Aim of the task :: Below are records to repeat exactly; copy them without the pictures.

(Supplied entries begins)

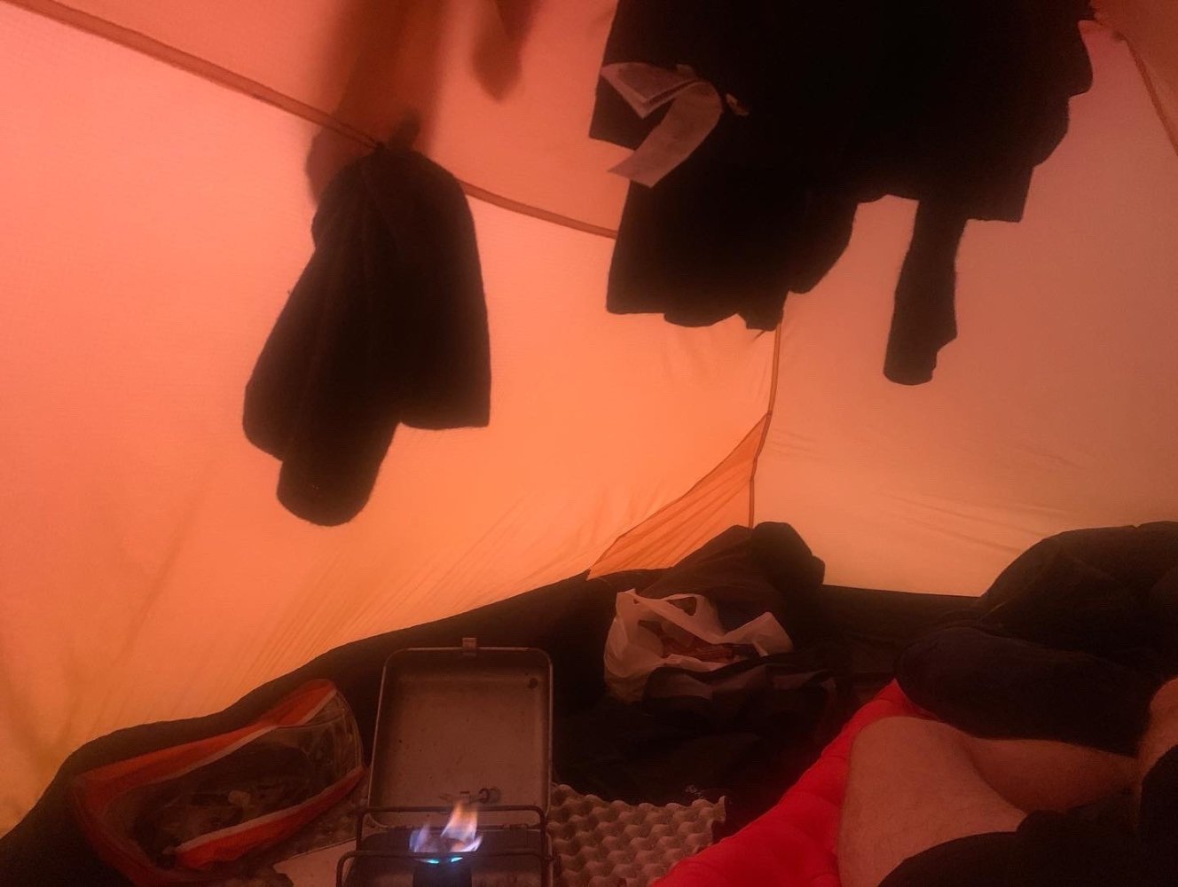 Å komme seg opp i knestående i fotenden på ett lavt tunneltelt er ingen selvfølge når man sklir rundt på underlaget og teltbunnen i ett stappfullt telt i panikk. Det er gjerne i andre enden det begynner å brenne. Man må ta høyde for dårlig arbeidsstilling om man baserer redningen sin på kniv. Men samma kan det være - regner med du skjønte poenget, det trengte egentlig ikke noe svar. På lange turer i dårlig vær er det liksom ikke mye alternativ til å fyre i teltet om man skal ha en noenlunde behagelig tur. Med søkkvåte klær, uvær ute og det eneste tørre og varme stedet er i soveposen, så blir det fyring i lukket innertelt med lufting for min del. Hilleberg Unna er ikke det største, men det går: Så får det heller være med at det er farlig. Jeg kjører heldigvis ikke motorsykkel, det er jo ekstremsport sammenlignet med dette…- 243 svar
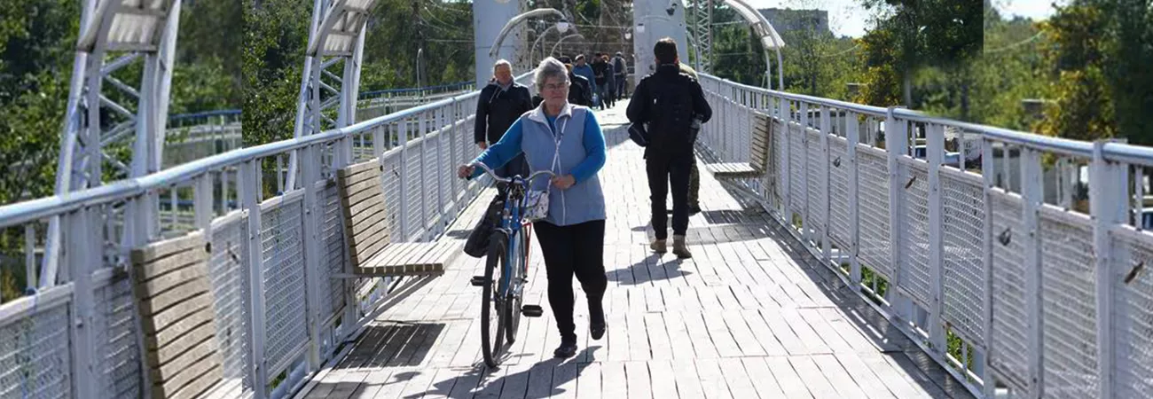 یوکرائن کے ایزیوم میں شہری ایک اوور پاس سے گزر رہے ہیں۔(شِنہوا)
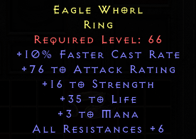 Required Level: 66+10% Faster Cast Rate+76 to Attack Rating+16 to Strength+35 to Life+3 to ManaAll Resistances +6
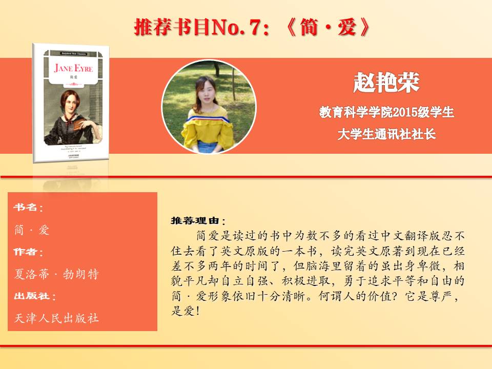 【编者按】为进一步激发全校师生爱读书、会读书、读好书的浓厚兴趣,努力营造书香校园的良好氛围,校党委宣传部(新闻中心)今年继续策划推出荐书专题活动。本期“师长荐书”和“学长学姐荐书”专题活动,特别邀请8位教师和8位同学精心推荐图书16本,在学校官方网站、官微等平台同步推送,敬请关注。
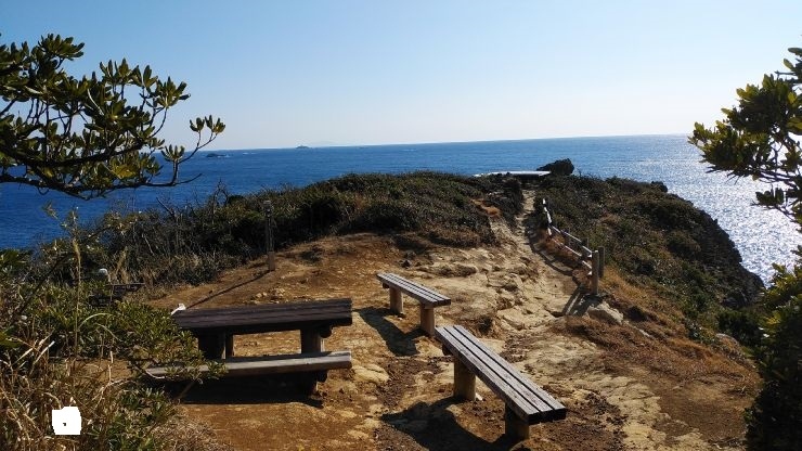 帰りの海岸コースは、海岸付近を散策できるコース。一度海岸近くに下りる分、登りもあるが風景の変化を楽しめた。また、試しに健脚コースにも立ち寄ったが、こちらはピークを経由するが眺望は得られず。風景だけを楽しむなららくらくコースで良いかと感じた。
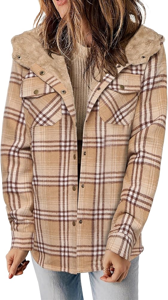 FEATURES:Sherpa Lined, Plaid Pattern, Hooded Design, Front Button Closures, Long Sleeve with Button Cuffs, Boyfriend Style. Loose fit add a touch of effortless style to your wardrobe.
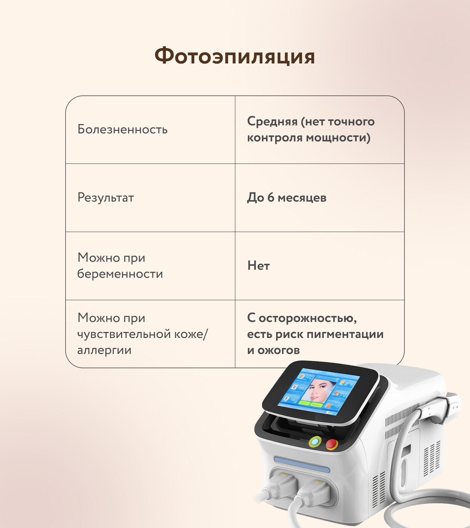- «Если у вас толстый темный волос и светлая кожа, можно попробовать фотоэпиляцию. В редких случаях эффект будет сопоставим с лазерной. Но вы должны осознавать ответственность и степень риска».
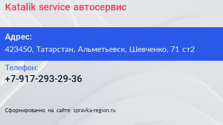 Katalik service, автосервис по адресу 423450, Татарстан, Альметьевск, Шевченко, 71 ст2 в дальнейшем Организация, размещена в следующих категориях:
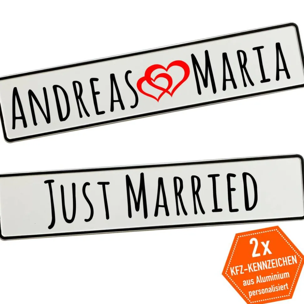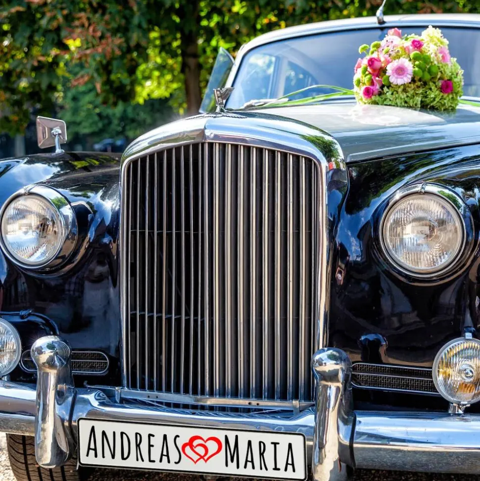 Du gibst einfach die gewünschten Namen an und wählst die passende Schriftart – wir fertigen dein persönliches Hochzeitskennzeichen mit viel Liebe zum Detail. Schon in kurzer Zeit hältst du deine individuelle Autodeko in den Händen.
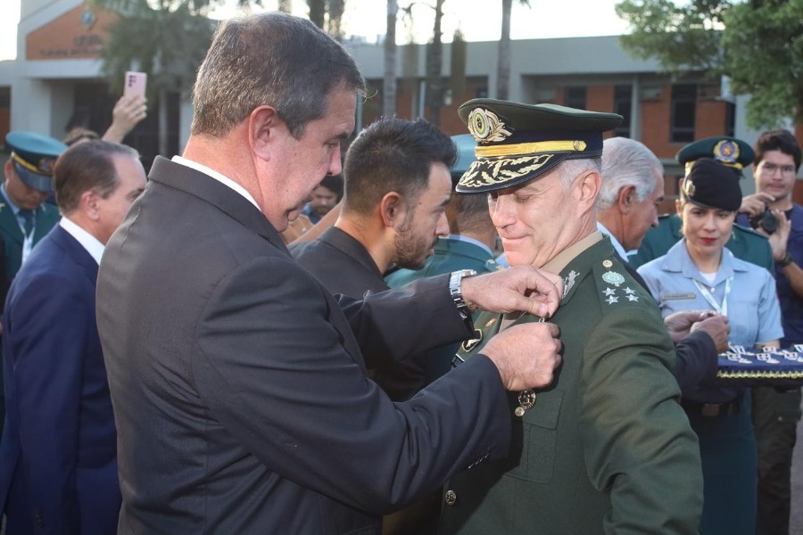 O governador Eduardo Riedel participou, na quinta-feira (23), da entrega da Medalha Tiradentes, uma das principais honrarias concedidas pela Polícia Militar de Mato Grosso do Sul. A solenidade ocorreu no Comando-Geral da PMMS, em Campo Grande.
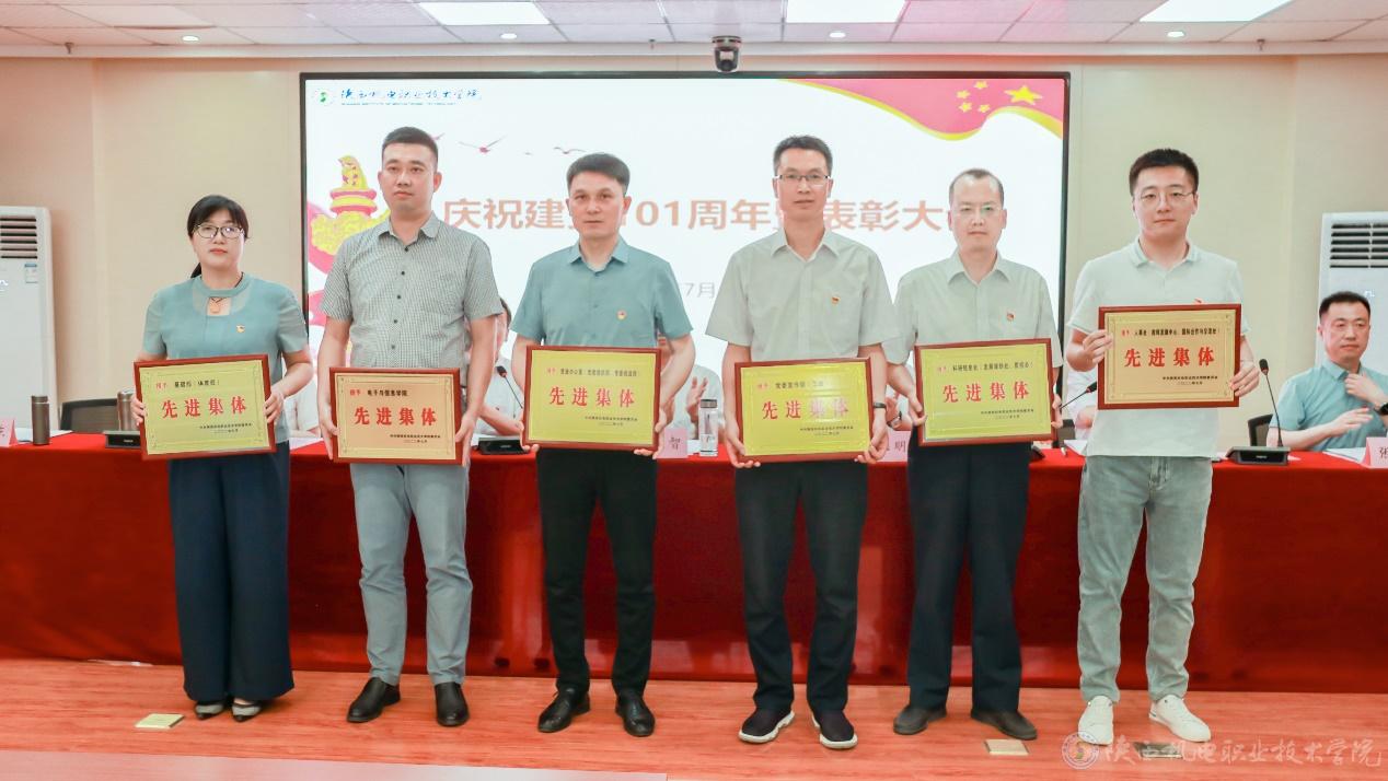 副院长张新堂宣读《关于庆祝建党101周年暨表彰“先进党支部”“优秀共产党员”“优秀党务工作者”的决定》并向3个先进党支部、32位优秀共产党员、以及14位优秀党务工作者颁奖。

(Supplied entries ends)

Response ::
 Å komme seg opp i knestående i fotenden på ett lavt tunneltelt er ingen selvfølge når man sklir rundt på underlaget og teltbunnen i ett stappfullt telt i panikk. Det er gjerne i andre enden det begynner å brenne. Man må ta høyde for dårlig arbeidsstilling om man baserer redningen sin på kniv. Men samma kan det være - regner med du skjønte poenget, det trengte egentlig ikke noe svar. På lange turer i dårlig vær er det liksom ikke mye alternativ til å fyre i teltet om man skal ha en noenlunde behagelig tur. Med søkkvåte klær, uvær ute og det eneste tørre og varme stedet er i soveposen, så blir det fyring i lukket innertelt med lufting for min del. Hilleberg Unna er ikke det største, men det går: Så får det heller være med at det er farlig. Jeg kjører heldigvis ikke motorsykkel, det er jo ekstremsport sammenlignet med dette…- 243 svar
 یوکرائن کے ایزیوم میں شہری ایک اوور پاس سے گزر رہے ہیں۔(شِنہوا)
 Required Level: 66+10% Faster Cast Rate+76 to Attack Rating+16 to Strength+35 to Life+3 to ManaAll Resistances +6
 【编者按】为进一步激发全校师生爱读书、会读书、读好书的浓厚兴趣,努力营造书香校园的良好氛围,校党委宣传部(新闻中心)今年继续策划推出荐书专题活动。本期“师长荐书”和“学长学姐荐书”专题活动,特别邀请8位教师和8位同学精心推荐图书16本,在学校官方网站、官微等平台同步推送,敬请关注。
 帰りの海岸コースは、海岸付近を散策できるコース。一度海岸近くに下りる分、登りもあるが風景の変化を楽しめた。また、試しに健脚コースにも立ち寄ったが、こちらはピークを経由するが眺望は得られず。風景だけを楽しむなららくらくコースで良いかと感じた。
 FEATURES:Sherpa Lined, Plaid Pattern, Hooded Design, Front Button Closures, Long Sleeve with Button Cuffs, Boyfriend Style. Loose fit add a touch of effortless style to your wardrobe.
- «Если у вас толстый темный волос и светлая кожа, можно попробовать фотоэпиляцию. В редких случаях эффект будет сопоставим с лазерной. Но вы должны осознавать ответственность и степень риска».
 Katalik service, автосервис по адресу 423450, Татарстан, Альметьевск, Шевченко, 71 ст2 в дальнейшем Организация, размещена в следующих категориях:
 Du gibst einfach die gewünschten Namen an und wählst die passende Schriftart – wir fertigen dein persönliches Hochzeitskennzeichen mit viel Liebe zum Detail. Schon in kurzer Zeit hältst du deine individuelle Autodeko in den Händen.
 O governador Eduardo Riedel participou, na quinta-feira (23), da entrega da Medalha Tiradentes, uma das principais honrarias concedidas pela Polícia Militar de Mato Grosso do Sul. A solenidade ocorreu no Comando-Geral da PMMS, em Campo Grande.
 副院长张新堂宣读《关于庆祝建党101周年暨表彰“先进党支部”“优秀共产党员”“优秀党务工作者”的决定》并向3个先进党支部、32位优秀共产党员、以及14位优秀党务工作者颁奖。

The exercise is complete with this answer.